Certification. PG
Running Time. 1 hour 39 mins
Director. Christopher Monger
Cast. Tara Fitzgerald, Hugh Grant, Kenneth Griffith, Ian Hart, Ian McNeice, Colm Meaney.
Rating. 51%
British filmmakers have a fondness for films where would-be interlopers are at first charmed and then subsequently embrace a local community and their way of living - Local Hero, The Best Exotic Marigold Hotel and The Guernsey Literary And Potato Peel Pie Society. Christopher Monger's The Englishman Who Went Up A Hill But Came Down A Mountain is another such example.
The Englishman Who Went Up A Hill But Came Down A Mountain tells the story of two English cartographers sent to measure Ffynnon Garw - the 'first mountain in Wales' - only to discover that Ffynnon Garw is technically a hill.
Where Local Hero had warmth and charm, The Englishman Who Went Up A Hill But Came Down A Mountain borders on twee, with an endless parade of undeveloped eccentric characters plucked from a second-rate Dylan Thomas poem.
Hugh Grant stars as cartographer Reginald Anson, post-Four Weddings And A Funeral, when his star was very much in the ascendancy. Nobody quite embodies the charming fopp, with all the accompanying mannerisms quite like Hugh Grant. Colm Meaney is wonderfully cast as the village scoundrel, Morgan the Goat. But the stand-out performance is from veteran actor Kenneth Griffith, as the agitated, exasperated and infuriated Reverend Jones.

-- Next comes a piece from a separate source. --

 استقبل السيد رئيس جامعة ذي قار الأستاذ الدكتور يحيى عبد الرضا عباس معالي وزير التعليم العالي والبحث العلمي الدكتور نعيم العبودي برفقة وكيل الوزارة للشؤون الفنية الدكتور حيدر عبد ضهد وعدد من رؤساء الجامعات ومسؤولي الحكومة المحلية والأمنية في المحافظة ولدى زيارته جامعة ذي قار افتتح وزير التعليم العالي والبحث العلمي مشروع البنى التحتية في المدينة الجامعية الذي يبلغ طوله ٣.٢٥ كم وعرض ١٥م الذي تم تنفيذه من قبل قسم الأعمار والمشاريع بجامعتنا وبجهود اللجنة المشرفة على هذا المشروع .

Billed as a romantic comedy, the romantic sub-plot, which once again paired Hugh Grant and Tara Fitzgerald (a year after Sirens), is undoubtedly the weakest aspect of the film. Tara Fitzgerald, in particular struggles with a convincing Welsh accent and more worryingly, struggles to demonstrate the attributes that would beguil the hapless cartographer.